The Church has standards according to the laws of God that we must adhere to.  We should not compromse on certain positions when it comes to sin or things that are contrary to what we believe to be right according to the Bible, but we do not have to be intolerant of sinners, and we should not display racial or ethnic prejudice. Bigotry does not belong in the pulpit.

As the layers of my own heart was being pulled back I was reminded that through the pains I have experienced and the distaste left in my mouth by racism towards African-Americans, I still have to practice Matthew 5:44 says, "love my enemies, bless those who curse me, do good to those who hate you and pray for those who despitefully use you....."  I am responsible for what the Holy Spirit has exposed in my heart and I am required to change, Romans 12:2 says, "Be not conformed to this world but be transformed by the renewing of your mind...."  I am open to change and like the Apostle Paul I choose to forget those things that are behind me and press towards what's ahead, the prize of the high calling.

John 3:16, For God so loved the world.....God loves everyone and does not want anyone to perish. He doesn' judge man like we do but, judges the heart of man.  My responsibility as a Christian is to love.
1 Peter 4:8 says, " And above all things have fervent love for one another, for love will cover the multitude of sins."

The soil of our country is stained with the blood of many Indians, slaves, African Americans and others who have stood for racial equality in this country.  Healing starts with us and our willingness to face our past history so as not to allow it to be a part of our future, to have an honest conversation concerning race.  We have to be willing to forgive others of past atrocities to our ancestors and even the things we still experience today.

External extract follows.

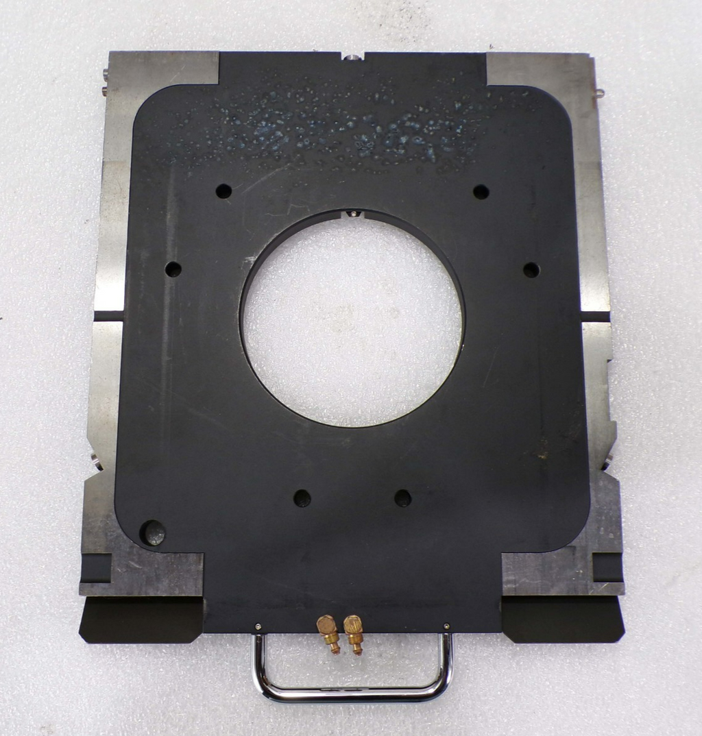 This Karl Suss 106124 MA-150 Mask Holder, is used working surplus. The physical condition of the unit is good and clean. It was removed from a Karl Suss MA-150 Mask Aligner.

I forgive but, will never forget as I pray for the healing of America.

Tuesday, September 20, 2011

Peeling back the layers of Prejudice...(part 2 of 3)

Today I need to confess that I have an issue and that I'm willing to allow God to peel the layers of my heart. 1 John 1:9 says, "If we confess our sins, He is faithful and just to forgive us our sins and to cleanse us from all unrighteousness." (NKJV)

Prejudice can stem from many sources, it can be instillled in childhood by a parent, it can come from anger from past atrocities of Native Americans who were forcibally removed from their lands, the frustration of African Americans over slavery, the anguish of Jews because of the Holocaust and the bitter taste that the Civil Rights Movement has left in the mouth of those who lived through it. Prejudice is seen every day in current trends of bigotry against homosexuals, those who are obese and the internal prejudice that has been brewing since 9/11 against Muslims and those of Middle Eastern descent, I can go on and on about prejudice and the racial division of America. Prejudice lurks about in our churches, we don't want to admit it but, in many communities you still have segregation in churches and by denominations.  There is prejudice by nationality and even financially, the caste system is not only in India but in America also.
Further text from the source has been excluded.